Under this line sits a listing. Repeat exactly and only its lines from the one holding "Give cabinets and" through the one holding "Si tratta di"; skip pictures.

INFORMATION =
☆ ☆ ☆
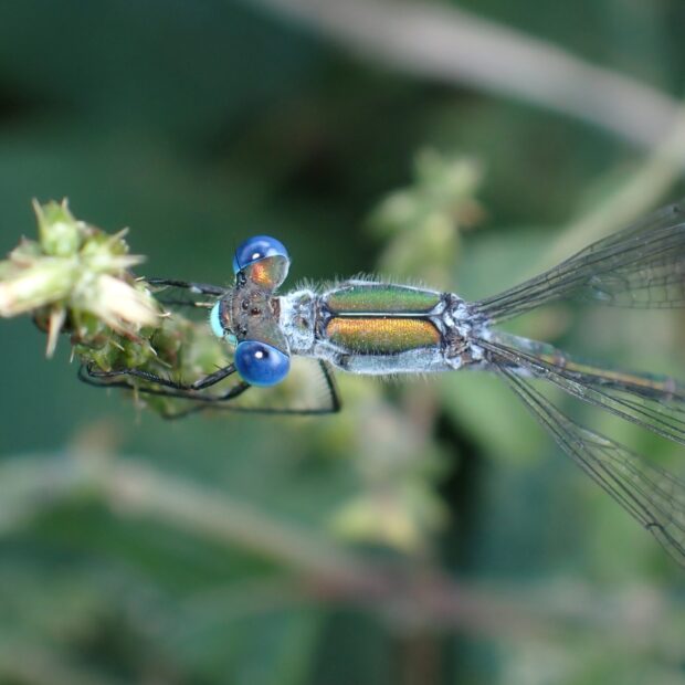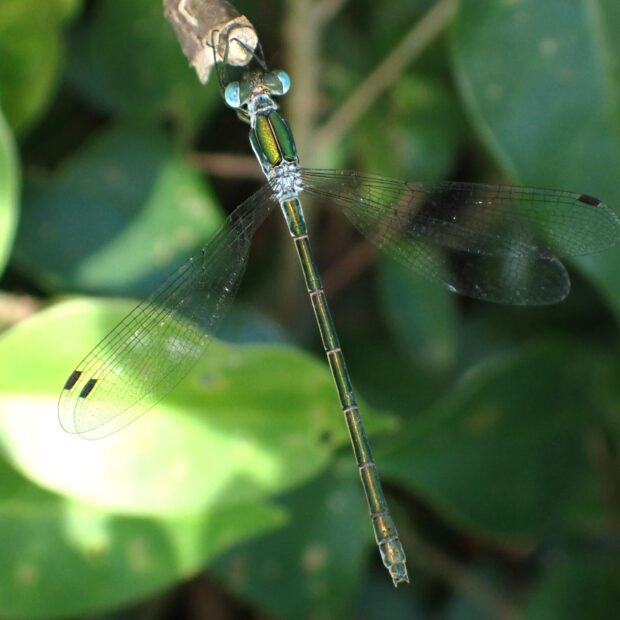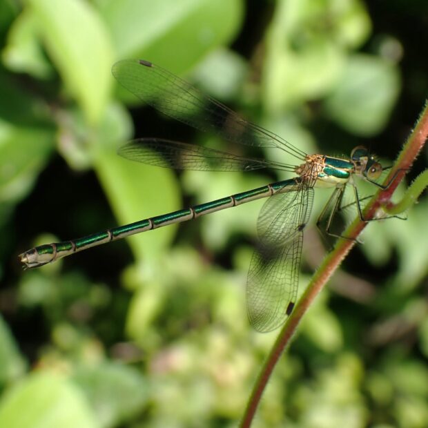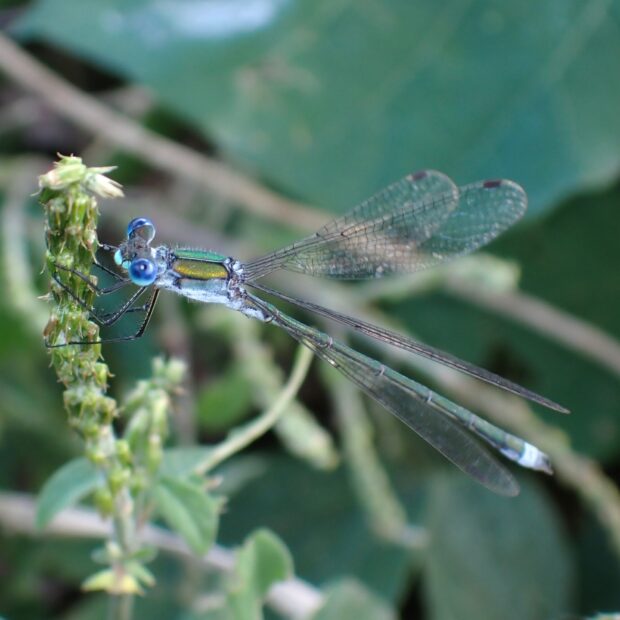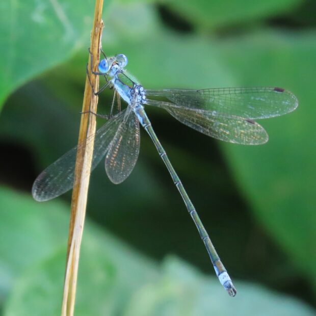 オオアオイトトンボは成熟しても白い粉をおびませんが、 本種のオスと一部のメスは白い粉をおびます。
☆ ☆ ☆
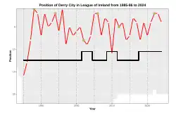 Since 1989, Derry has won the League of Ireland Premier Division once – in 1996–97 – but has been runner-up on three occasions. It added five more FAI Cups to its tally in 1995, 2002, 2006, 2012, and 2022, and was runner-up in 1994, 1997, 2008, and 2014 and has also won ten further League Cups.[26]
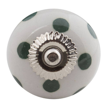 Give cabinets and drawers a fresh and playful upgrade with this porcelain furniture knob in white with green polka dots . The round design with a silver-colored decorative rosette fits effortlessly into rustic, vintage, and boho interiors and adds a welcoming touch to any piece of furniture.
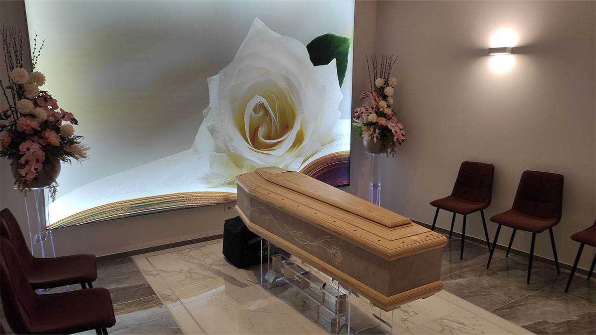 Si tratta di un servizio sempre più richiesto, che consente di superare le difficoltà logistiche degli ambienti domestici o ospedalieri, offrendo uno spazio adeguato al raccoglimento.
☆ ☆ ☆
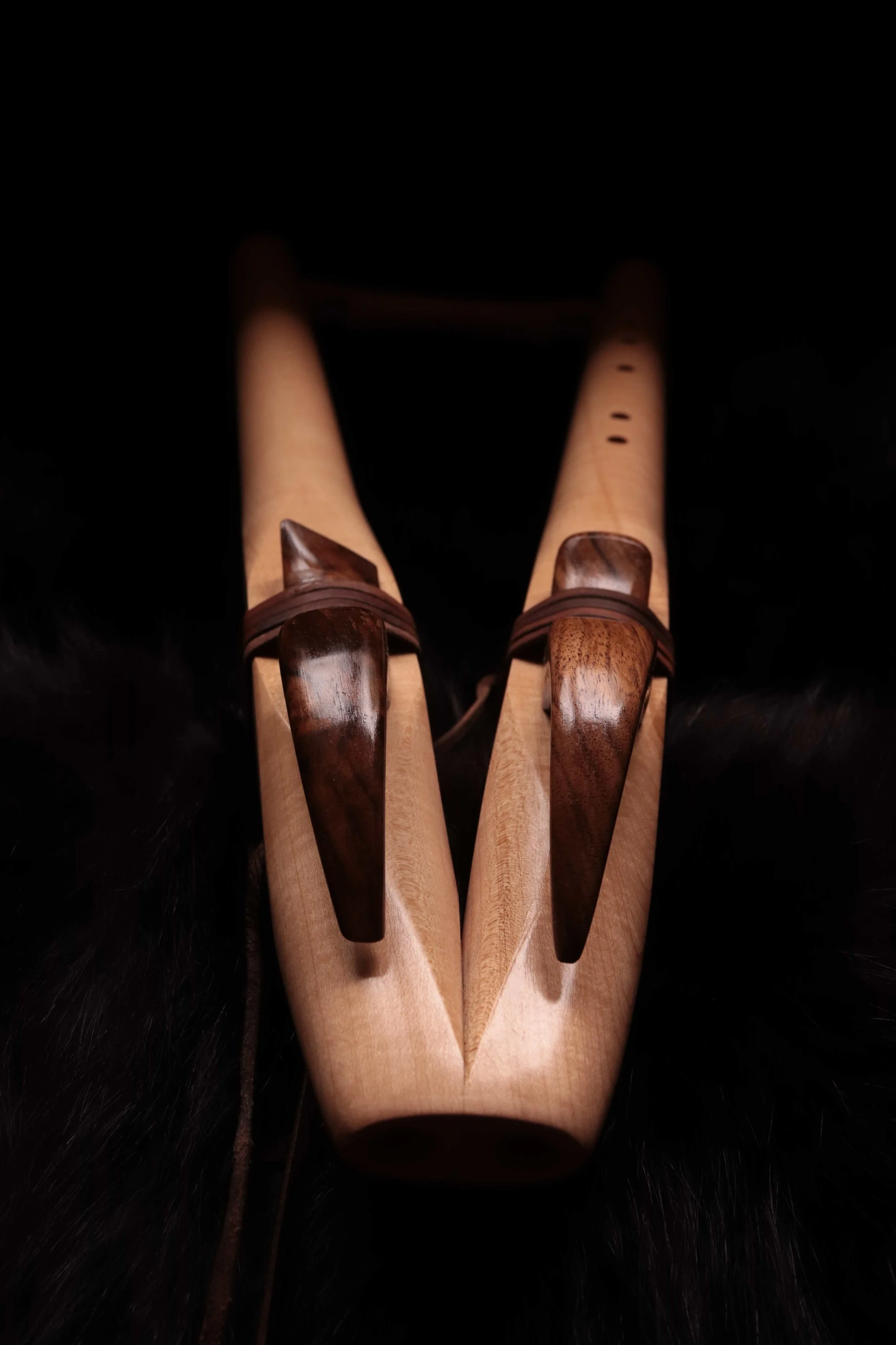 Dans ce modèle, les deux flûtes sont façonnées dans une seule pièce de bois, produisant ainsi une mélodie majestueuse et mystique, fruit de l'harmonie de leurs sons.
☆ ☆ ☆
EXERCISE ANSWER =
 Give cabinets and drawers a fresh and playful upgrade with this porcelain furniture knob in white with green polka dots . The round design with a silver-colored decorative rosette fits effortlessly into rustic, vintage, and boho interiors and adds a welcoming touch to any piece of furniture.
 Si tratta di un servizio sempre più richiesto, che consente di superare le difficoltà logistiche degli ambienti domestici o ospedalieri, offrendo uno spazio adeguato al raccoglimento.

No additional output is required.